▸ Exercise directions
Below are entries. Give back exactly the lines from the one containing "This is a nice" through the one containing "Centrais sindicais protestam", inclusive, without the pictures.

▸ Material for this exercise
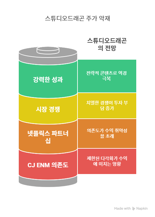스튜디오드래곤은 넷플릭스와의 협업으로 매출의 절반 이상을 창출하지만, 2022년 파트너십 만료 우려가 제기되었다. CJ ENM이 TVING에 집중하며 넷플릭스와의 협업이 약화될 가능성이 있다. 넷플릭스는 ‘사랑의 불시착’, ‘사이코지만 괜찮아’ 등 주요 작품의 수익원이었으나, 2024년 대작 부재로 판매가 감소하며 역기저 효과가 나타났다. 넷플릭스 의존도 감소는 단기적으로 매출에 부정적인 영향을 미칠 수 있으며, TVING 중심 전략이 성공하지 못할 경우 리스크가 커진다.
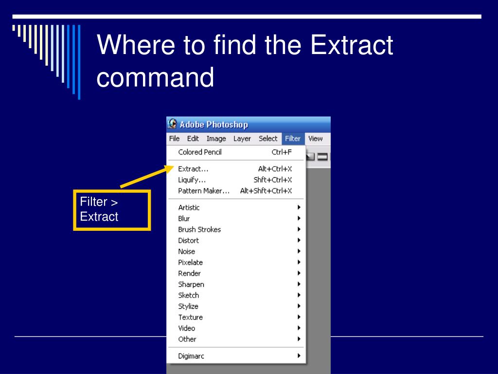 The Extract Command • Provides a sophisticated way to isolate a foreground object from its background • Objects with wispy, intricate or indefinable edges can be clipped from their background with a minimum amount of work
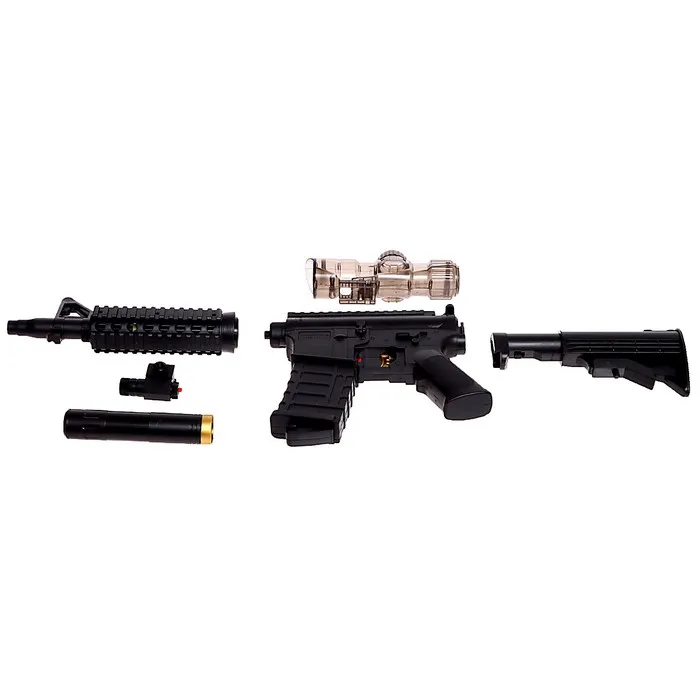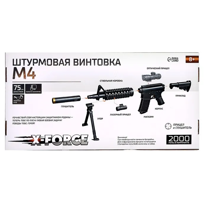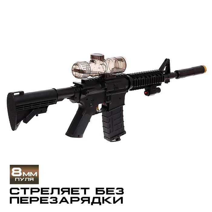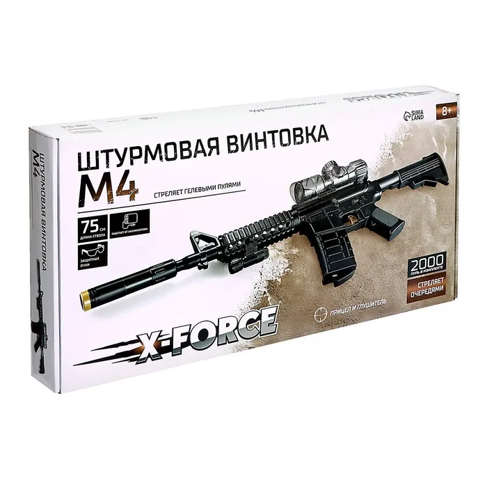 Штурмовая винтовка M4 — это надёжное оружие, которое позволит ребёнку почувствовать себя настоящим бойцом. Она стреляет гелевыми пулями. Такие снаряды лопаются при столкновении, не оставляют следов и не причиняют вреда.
==
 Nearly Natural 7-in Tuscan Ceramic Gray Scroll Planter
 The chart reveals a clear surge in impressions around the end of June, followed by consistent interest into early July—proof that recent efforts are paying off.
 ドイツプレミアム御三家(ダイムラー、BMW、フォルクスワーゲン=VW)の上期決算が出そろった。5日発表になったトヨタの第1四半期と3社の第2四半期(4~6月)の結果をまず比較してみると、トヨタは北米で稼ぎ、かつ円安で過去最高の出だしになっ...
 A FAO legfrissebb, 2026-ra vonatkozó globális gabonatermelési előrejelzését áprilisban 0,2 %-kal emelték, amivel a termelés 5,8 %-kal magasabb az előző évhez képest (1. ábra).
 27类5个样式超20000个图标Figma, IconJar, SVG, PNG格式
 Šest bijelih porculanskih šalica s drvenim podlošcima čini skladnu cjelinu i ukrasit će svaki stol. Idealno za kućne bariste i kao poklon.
---
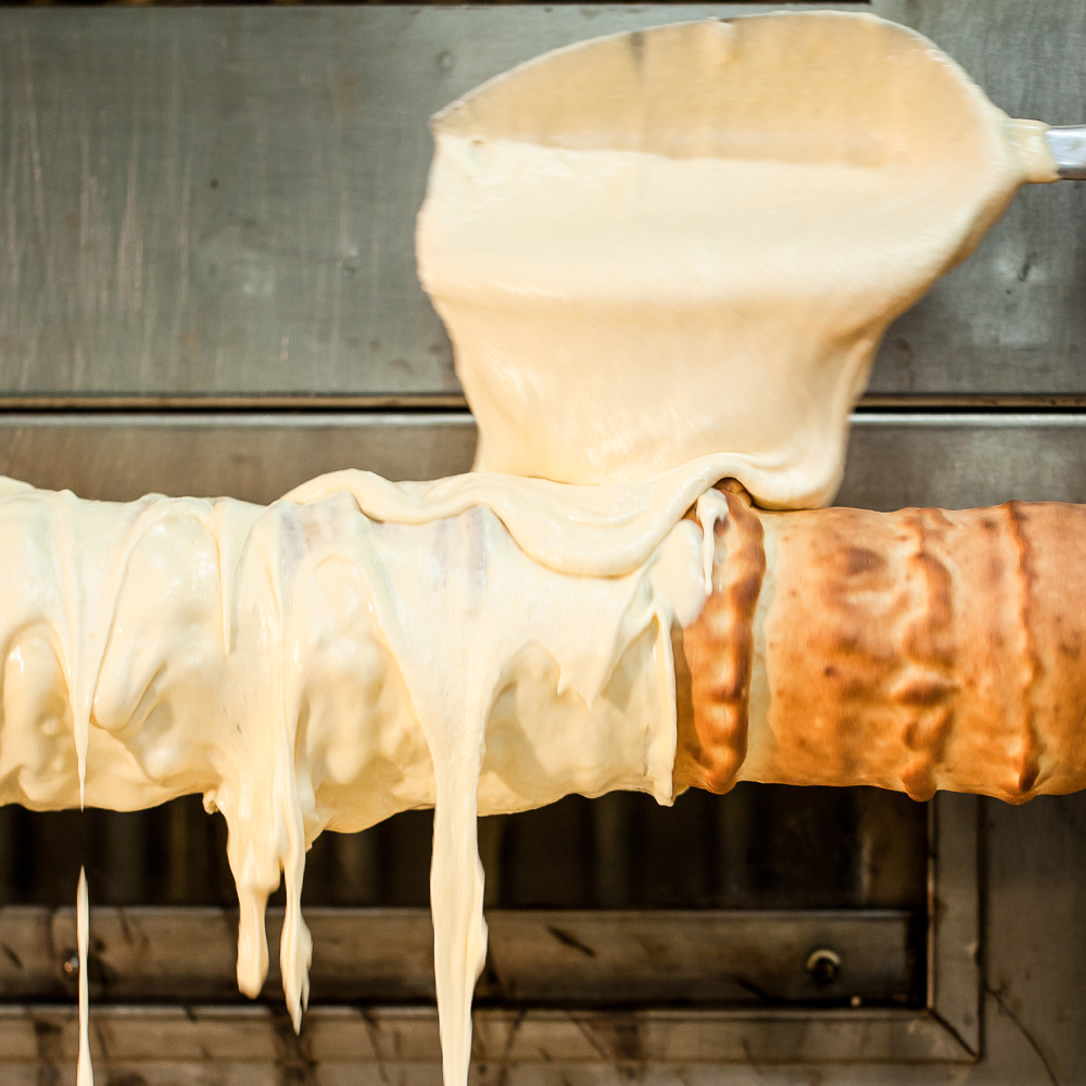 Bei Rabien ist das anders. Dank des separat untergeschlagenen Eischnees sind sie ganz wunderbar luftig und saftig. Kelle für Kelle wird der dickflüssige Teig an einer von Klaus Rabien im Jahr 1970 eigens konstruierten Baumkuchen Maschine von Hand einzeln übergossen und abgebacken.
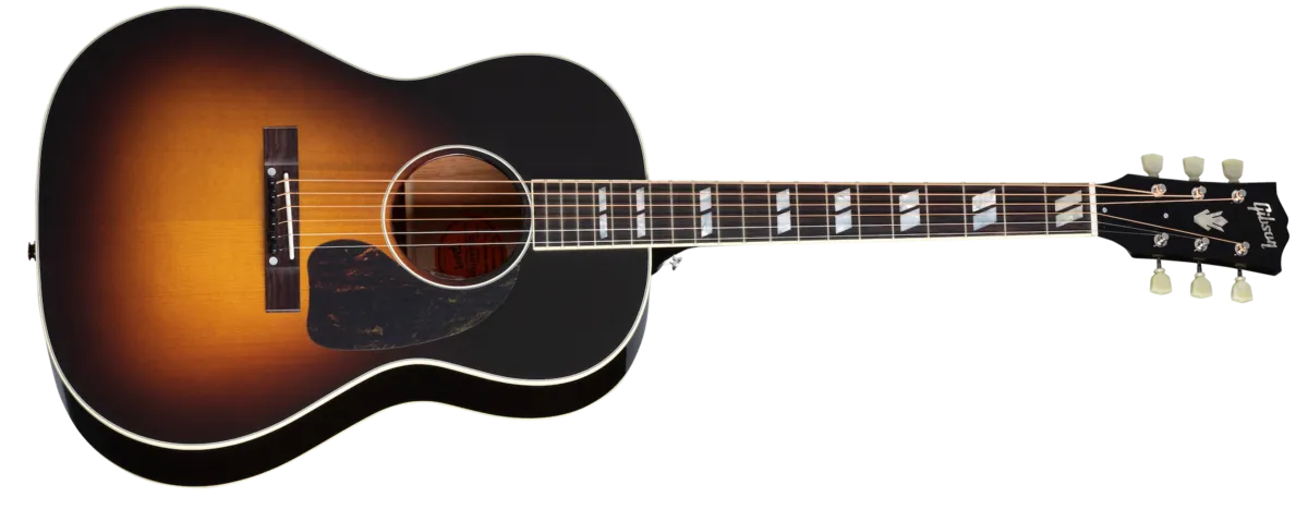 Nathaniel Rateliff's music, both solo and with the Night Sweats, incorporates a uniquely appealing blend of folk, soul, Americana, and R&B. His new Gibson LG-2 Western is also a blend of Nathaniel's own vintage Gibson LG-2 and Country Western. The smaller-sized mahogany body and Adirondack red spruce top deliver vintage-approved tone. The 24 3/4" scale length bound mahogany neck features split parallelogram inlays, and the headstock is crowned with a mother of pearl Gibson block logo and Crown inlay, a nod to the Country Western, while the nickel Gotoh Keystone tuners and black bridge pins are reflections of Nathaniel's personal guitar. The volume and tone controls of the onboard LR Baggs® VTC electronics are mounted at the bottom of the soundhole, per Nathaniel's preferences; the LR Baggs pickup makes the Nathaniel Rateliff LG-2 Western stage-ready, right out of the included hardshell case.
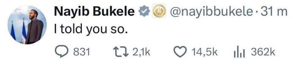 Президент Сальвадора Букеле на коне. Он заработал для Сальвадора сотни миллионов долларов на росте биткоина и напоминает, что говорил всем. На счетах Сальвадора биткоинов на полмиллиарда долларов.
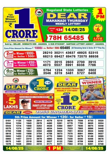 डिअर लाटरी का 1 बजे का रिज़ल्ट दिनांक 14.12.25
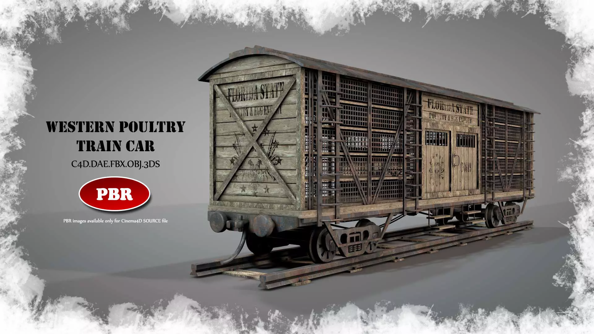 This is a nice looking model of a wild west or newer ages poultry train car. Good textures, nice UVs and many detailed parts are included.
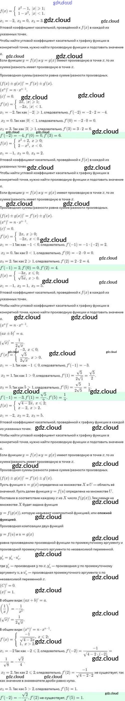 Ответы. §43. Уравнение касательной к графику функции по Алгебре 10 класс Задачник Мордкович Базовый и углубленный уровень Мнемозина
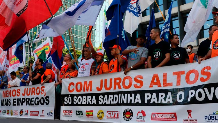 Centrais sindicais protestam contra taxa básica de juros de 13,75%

▸ Your solution
 This is a nice looking model of a wild west or newer ages poultry train car. Good textures, nice UVs and many detailed parts are included.
 Ответы. §43. Уравнение касательной к графику функции по Алгебре 10 класс Задачник Мордкович Базовый и углубленный уровень Мнемозина
 Centrais sindicais protestam contra taxa básica de juros de 13,75%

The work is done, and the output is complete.